ChefKath posted regarding Ruhlman's stance that cooking is a craft, not an art (but without explaining his opinion). What does everybody think?

From looking at a dictionary, I'd say either/or and trying to differentiate is just splitting hairs. But, most people have a perception of there being a difference. Namely, that a craft is a blue-collar workman-like thing and an art is more aesthetic. Based on that, I'd have to say that what we do is a combination of the two. There's nothing aesthetic in changing fryer oil, but I don't there's anything blue-collar in coming up with an eye-pleasing presentation.


----------



## layjo (Oct 12, 1999)

I think they are a combination of the two also. It is a craft from the first day you start learning and continues to be a craft throughout your career, because you always find yourself refering back to to classic preparations and fundamental methods. Once you've become accustomed to different aspects and procedures of the trade, the artistic/expressive mode of thinking comes into play. You know what "tools" you have to work with. Later these "tools" can become like "paint colors on an artist's palet"(yours, or mine). And you (or I)just have to create great or good food for the "people waiting in the gallery"....just a little bit of metaphores and what I have grown to belive.


----------



## chefjohnpaul (Mar 9, 2000)

O, it's definately both. Webster defines art as human skill applied to any number of things. Let's face it, cooking comes from the heart in its finest form, it goes beyond here's a plate of food, its a passion, it can involve symetry, color,and motion in its presentation, and people go out to be entertained by food as much as by music. Dishes are often referred to as compositions. A craft? Yes. An art? Most definately. It's two taste treats in one!!!!


----------



## greg (Dec 8, 1999)

I'm just glad we aren't expected to be artists. I'd have to wear black all the time and be moody!


----------



## katherine (Aug 12, 2000)

First and foremost you must perfect your craft, otherwise you can never be recognized for your aspirations to higher artistic achievements.


----------



## shroomgirl (Aug 11, 2000)

Depends on the person....I create new dishes all the time....and do consider myself an artist....no black clothing I prefer purple.It's also nice to get $ from Art Groups for food events.
Craftsmen...sure there are those guys out there to....

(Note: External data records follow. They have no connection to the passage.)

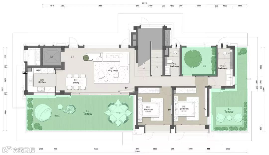 由于其独立入户的属性,无论上中下叠都可以占有一层花园的一部分,可谓是有天有地~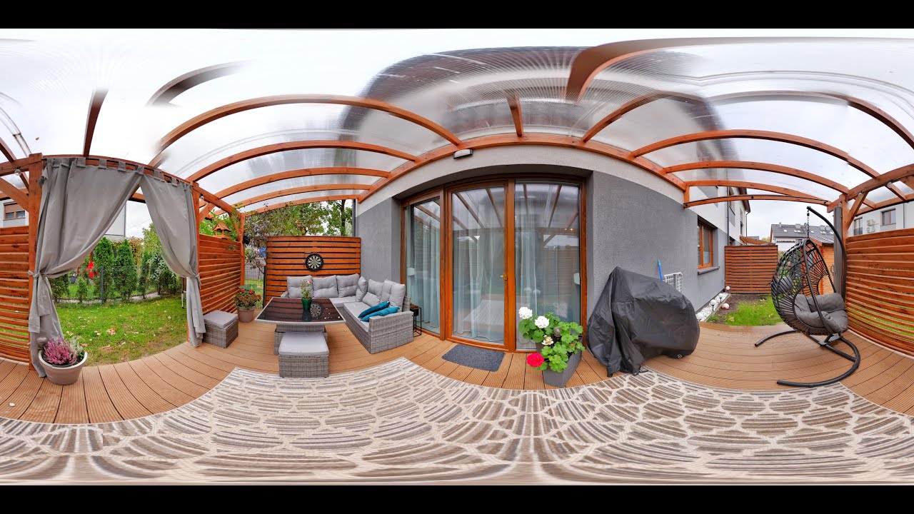 W ogródku zadaszony taras oraz domek narzędziowy.
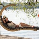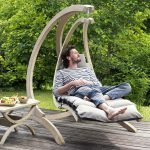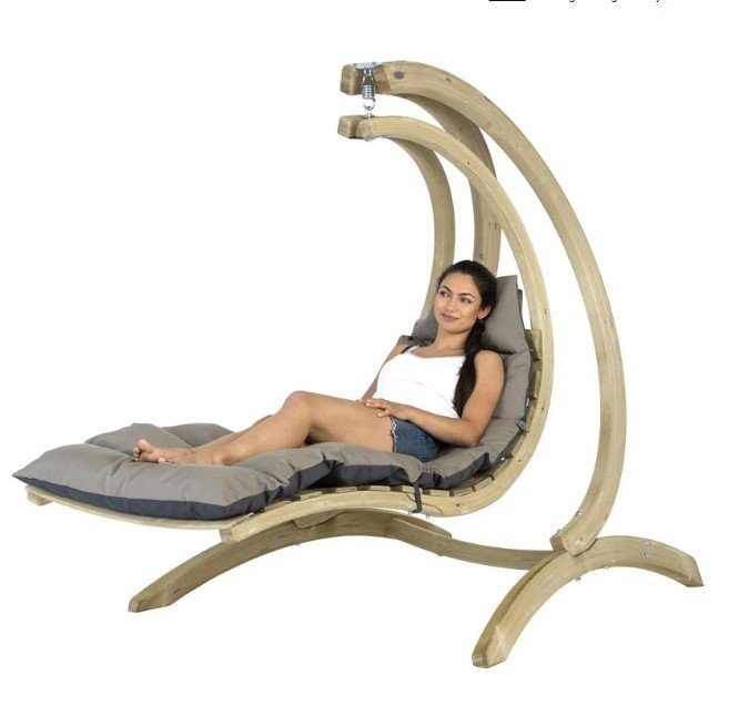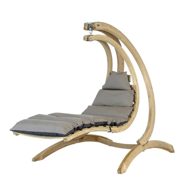 The Swing Lounger can be used either as a gently rocking recliner on the ground or as a perfectly balanced floating recliner in the Globo Stand frame.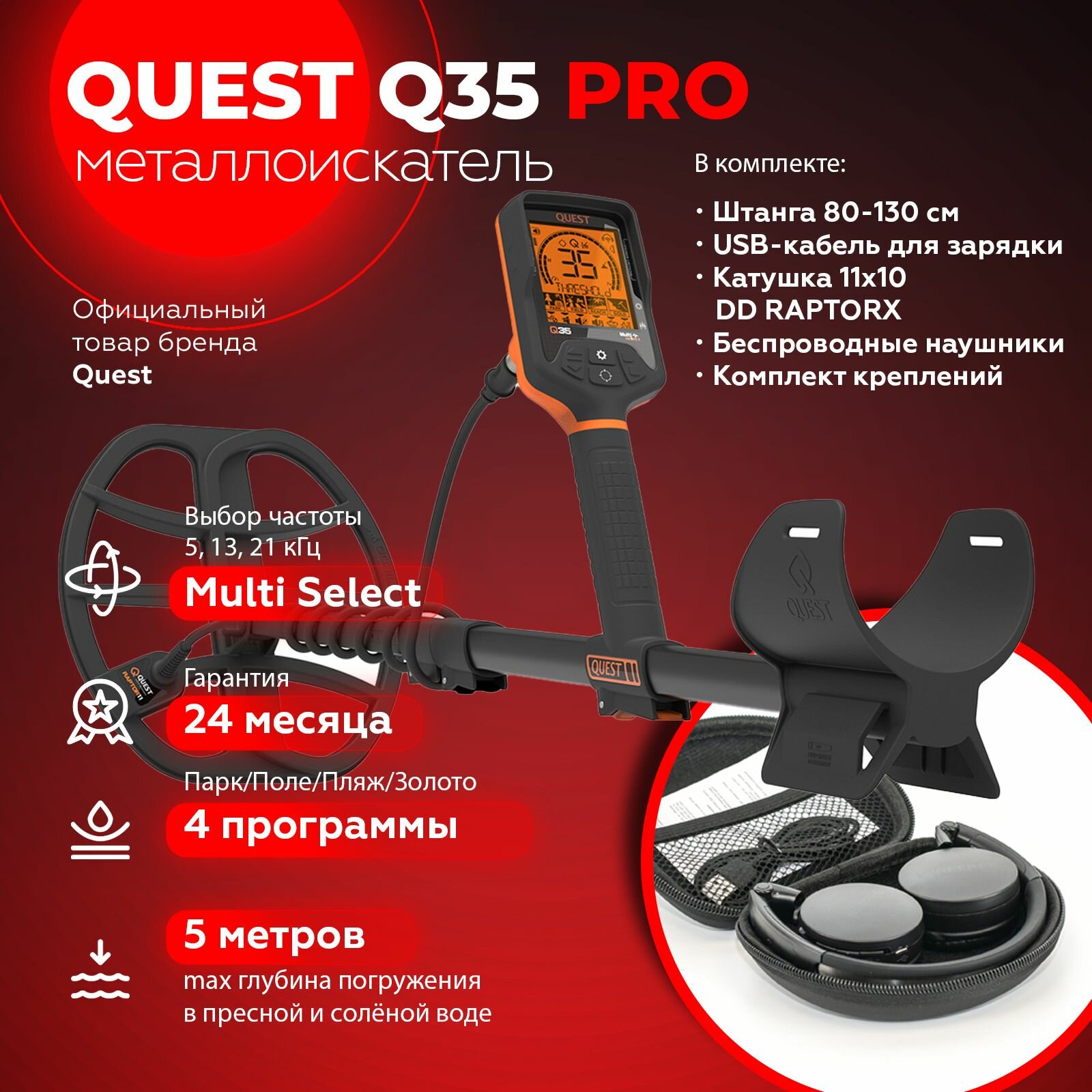 Купить Металлоискатель Quest Q35 / водонепроницаемый металоискатель / металл искатель профессиональный с доставкой по всей России.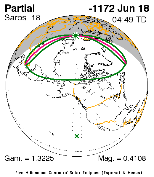 A partial eclipse of the Sun occurred on 17 June, 1173 BC UT Old Style, with maximum eclipse at 20:54 UT. A small partial eclipse barely darkened the Sun. With just 41% of the Sun covered for viewers closest to the center, this was of limited interest.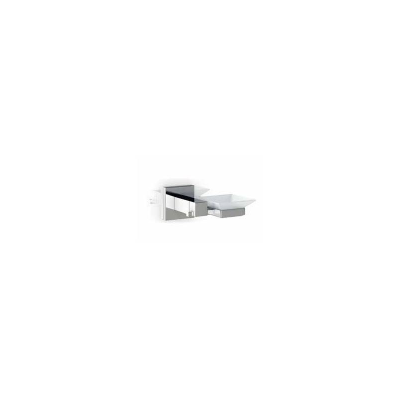 Jabonera fabricada en latón cromado con plato blanco Genwec

Passion or "It's just a job man" or even I care about what I'm doing but I don't make it up. It's great when you get paid for doing what you love.


----------



## katherine (Aug 12, 2000)

It looks to me like we're discussing semantics here--the definitions of the words art and craft. For people who feel that for something to be a true work of art, it must be useless, cooking can no more be an art than, say, embroidery. (Unless, of course, the article which is embroidered has no possible use but to hang on the wall and be admired?) 
I couldn't disagree more. It seems to me it takes a great deal more creativity to incorporate art into everyday items, which can improve our enjoyment of daily activities.


----------



## greg (Dec 8, 1999)

My opinion on art v. craft based on definitions and perceptions I gave in my first post. Here's mine: we're neither. We're cooks, plain and simple. I can romanticize what I do and call myself an artist, or I could take the "I do honest work with my hands" stance and call myself a craftsmen. Either way, I'm over-analyzing. I'm a cook (not a chef;that's just a job title), and art ,craft,hobby or whatever we could try to categorize it as, it's what I do because events, abilities have led me to do it. The fact that I enjoy it is a bonus.


----------



## cookm (Aug 8, 2000)

I agree. It would get pretty weary to have to wear a beret, smoke Dunhill cigarettes, and read Jean-Paul Sarte!


----------



## pete (Oct 7, 2001)

I think some of what we do is artistic, but I hate when chefs refer to themselves as artists. Sure we can do amazing and interesting things with food, but after all it is still food. People have been cooking it for thousands of years. I think there is a danger in calling ourselves artists. When we do that then we take what we do way to seriously. I like the term craftsman. It implies skill and a sense of artistry, but not the loftiness or
egocentric qualities often implied by being an artist.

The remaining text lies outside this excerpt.